I asked her about satellite radio (I know, I encouraged her, but I was trapped).

“I don’t want to pay for radio,” she said.

“That means you don’t have a radio problem,” I replied.

“Yes, I love KOIT,” she said (although I don’t know if this is the kind of fan KOIT should be bragging about).

It seems to me that one of the challenges of satellite radio (and HD likewise) is that it’s in the “radio” category. And the “radio” category is, to many listeners, a part of their ambient environment. Nothing they seek out, because it’s always there. And nothing they pay for, because it’s always free. Is “radio” the wrong name for a subscription service when a free version is ubiquitous and satisfies the needs for a large fraction of its audience? Maybe.

And then she came out with this:

“The eye wants the new, but the ear wants the familiar.”

“What?” I asked. And she repeated it. It seemed to me that these were the most profound words I’ve heard from a cabblie – not to mention from more than a few broadcasters.

What she means is that we like to LOOK for what’s new but like to HEAR the music we’re most familiar with, the stuff we’ve grown up with.

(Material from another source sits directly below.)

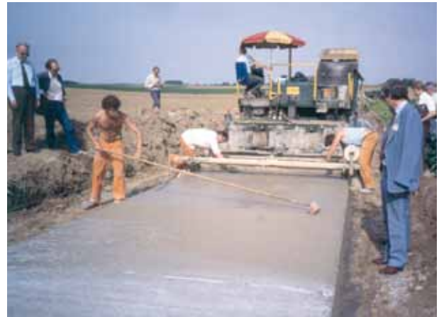
Abbildung 7: Einbau mit Fertiger

Bei stark belasteten Asphaltstrassen entstehen in Hitzeperioden in Staubereichen (z.B. vor Kreuzungen, Bushaldebuchten etc.) häufig Spurrinnen. Instandsetzungen erfordern meist den Austausch dicker Schichten, manchmal treten wieder Verformungen auf.
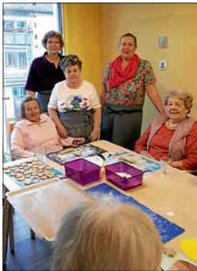
Fleißige Bäckerinnen im Palmschen Garten

Dafür möchten wir uns an dieser Stelle herzlich bedanken.

A gross generalization, of course. But from this 40-something cabbie (and raving fan of KOIT) comes an oversimplified but accurate explanation for why the hits are the hits, why radio is part of the ambient fabric of listeners’ lives, and why any new technology with “radio” in its name will have a tough time in the mass market where the average outnumbers the extreme by a wide margin and the air is thick with free audio entertainment.